Thirteen other U.S. servicemembers died in the attack at Abbey Gate at the airport. News reports said that ISIS took responsibility for the deadly attack.

On the Shawn Ryan Show, which is a long-form interview style podcast run by former U.S. Navy SEAL and CIA operator Shawn Ryan, Vargas-Andrews discussed a wide range of topics related to his deployment and subsequent near-fatal injuries in Kabul, Afghanistan.

Vargas-Andrews, who lost his right arm and left leg in the attack, was frank about how the Biden administration mishandled the withdrawal from the start. Here are four of the notable stories he shared during the podcast interview:

  • Upon deployment in Afghanistan, Vargas-Andrews and his team were not allowed to directly engage the Taliban near the airport. These “rules of engagement” prevented U.S. military servicemembers from protecting civilians who were getting singled out and beaten by members of the Taliban near their location. He saw a number of civilians murdered in cold blood and that he could not do anything about it or he would have been disobeying orders.
  • Like others, Vargas-Andrews pointed out the lack of a secure security perimeter for Karzai Airport and how shipping containers separated U.S. military servicemembers from civilians and the Taliban. The lack of hardened security counter-measures, which could not have been said of the abandoned Bagram airbase, put American lives at risk and ultimately cost 13 American lives.
  • An Afghan woman was escorted from the airport back outside Abbey Gate and she tried to slit her own throat on the barbed wire fence because she believed that the Taliban would execute her.
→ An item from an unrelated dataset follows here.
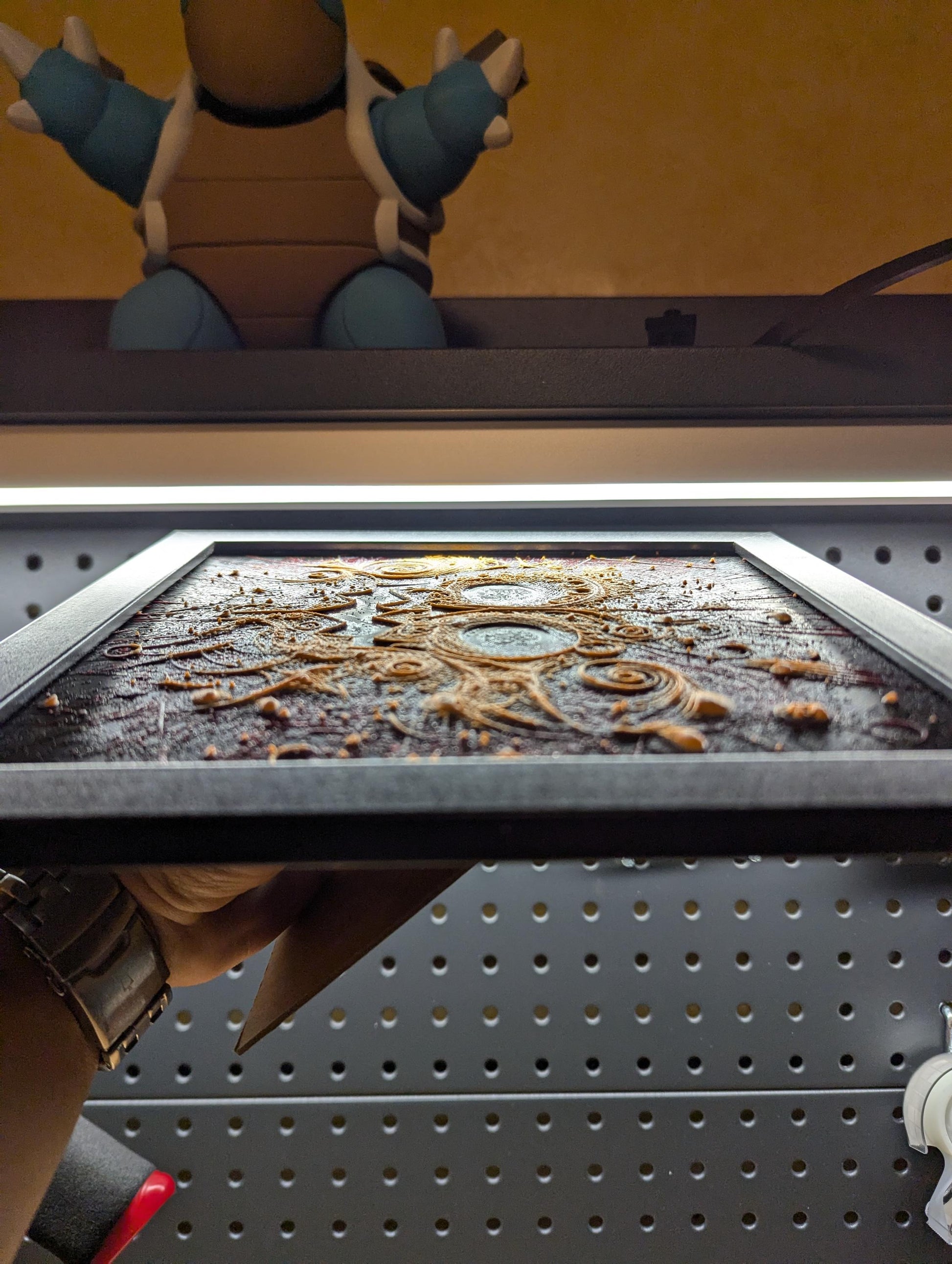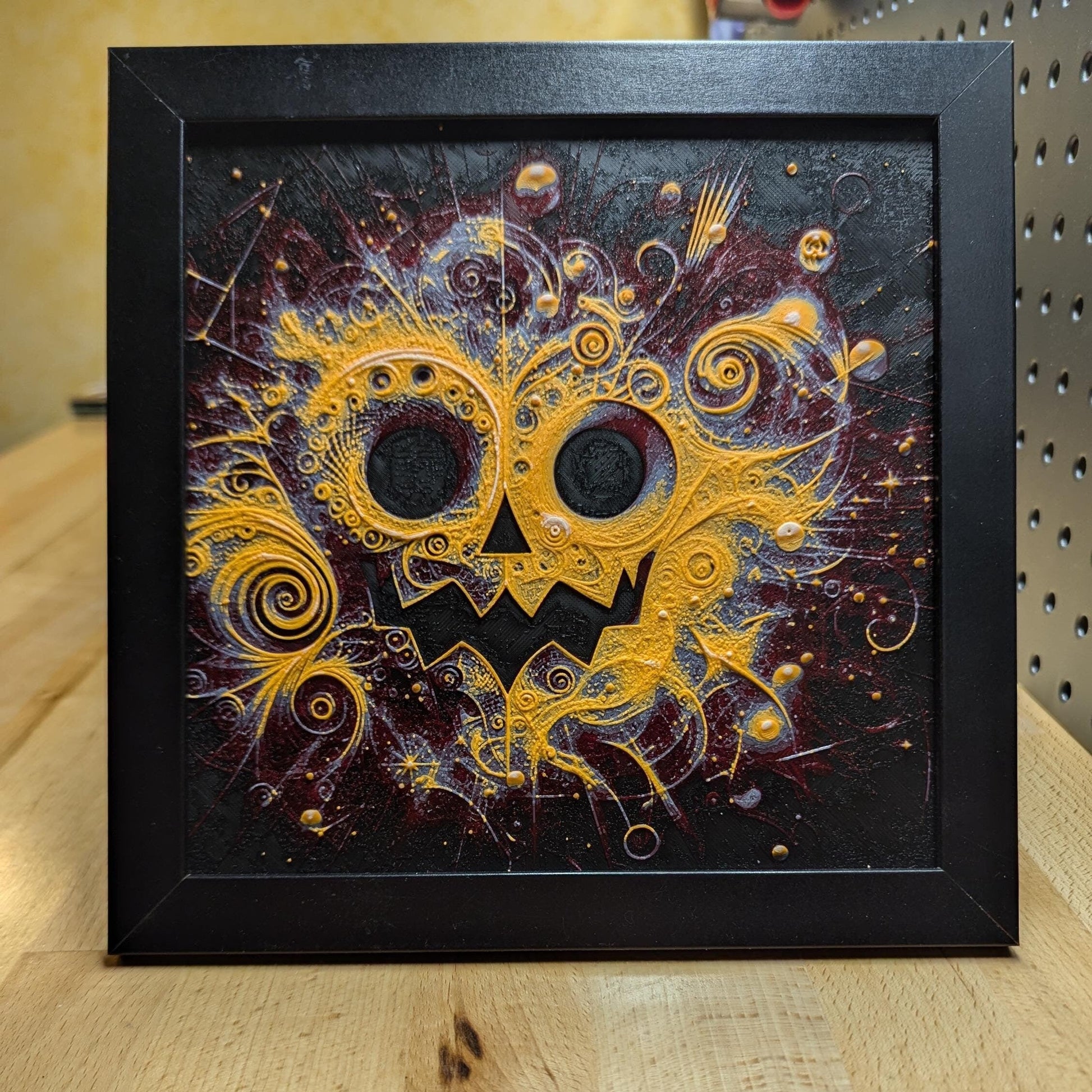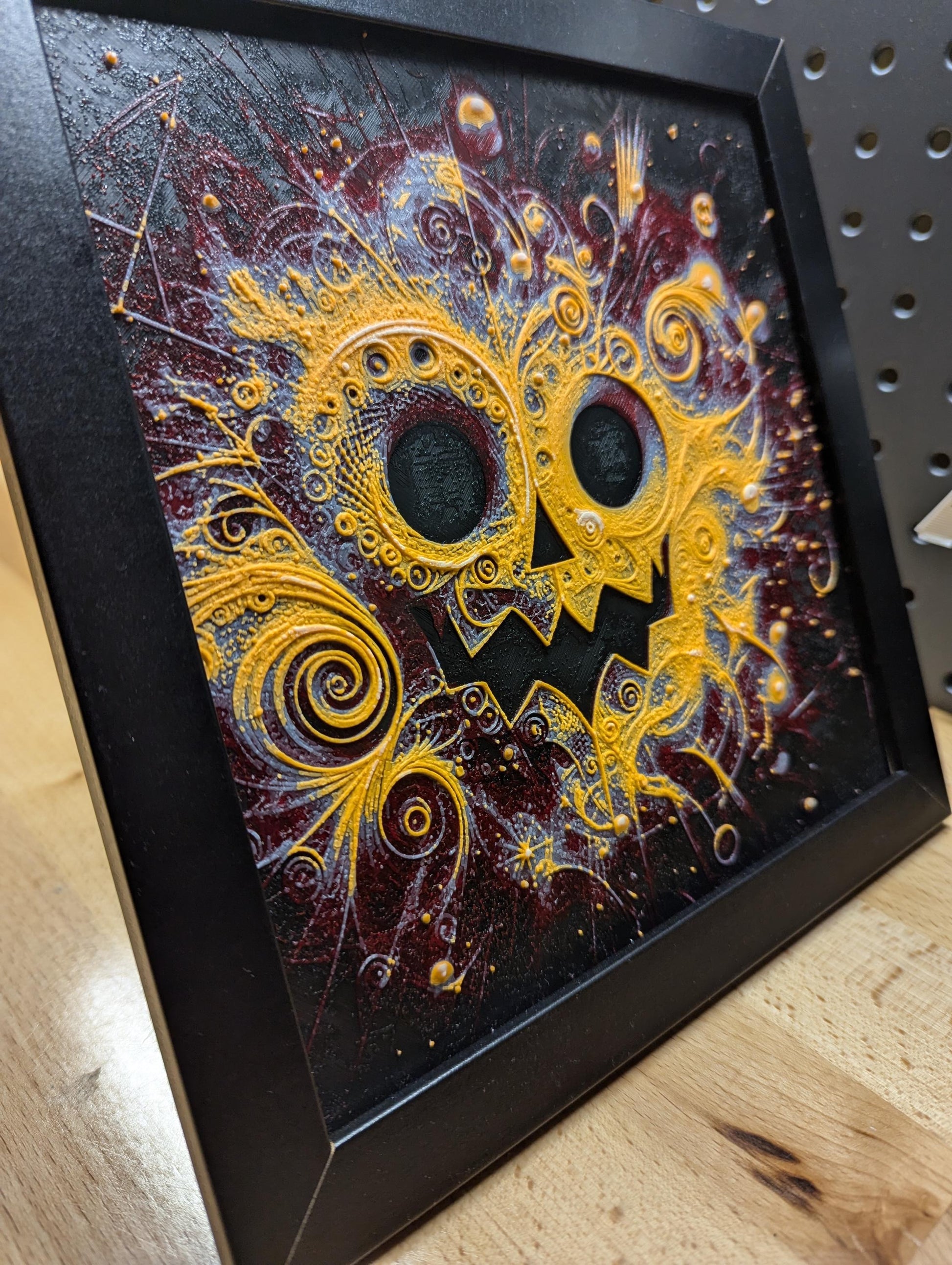 Bring a touch of Halloween spirit into your home with this playful 3D printed pattern that resembles a Jack O' Lantern face. Perfect for lovers of the spooky season, this piece captures the fun and festivity of Halloween with a classic carved pumpkin design that adds a whimsical and seasonal charm to any space.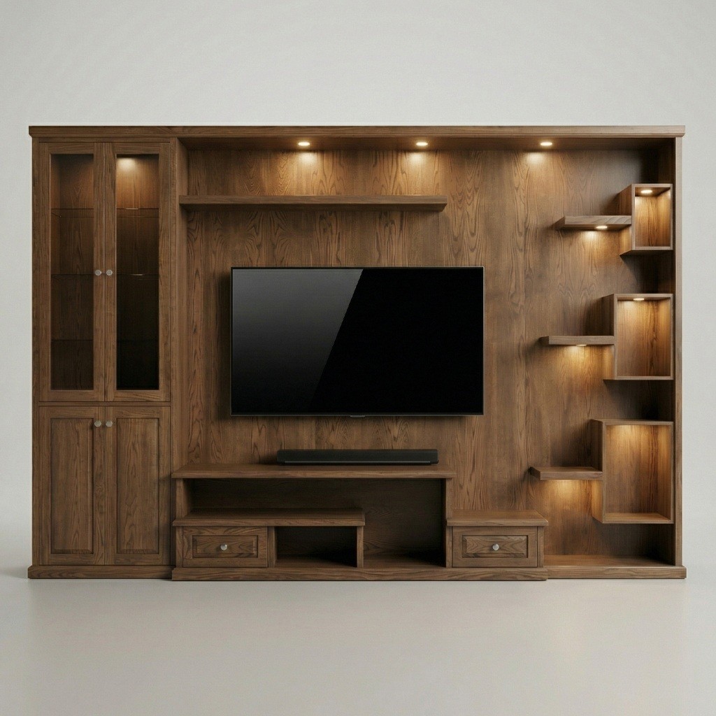 A built-in American Oak media wall with a TV recess, soundbar shelf, glass display cabinet, and asymmetrical illuminated niches. Framed by a slim shadowline, it reads warm and architectural while keeping cables and ventilation discreet.

Escorting military servicemembers stopped her from committing suicide, but that experience stuck with Vargas-Andrews to this day.
  • When he was hospitalized at Walter Reed in Bethesda, Maryland, President Joe Biden visited him and apparently tried to shake his hand. But the problem was that his hand was in a giant cast due to injuries suffered in the attack. Vargas-Andrews said, Right away, I remember him coming up to me trying to shake my hand, shake my right hand, and I look at him, and I’m like, ‘I don’t have an arm.’ My left arm is in this big a– cast with this giant orange f–king foam block around it. I’m completely immobile. All I can do is move my head.”
  • Biden asked Vargas-Andrews, “What do you want?” To which, Vargas-Andrews said he responded, “What?” The Marine said that the question confused him because “I just got blown up. Just f–king saw my friends die next to me. Like, I just want to be myself.”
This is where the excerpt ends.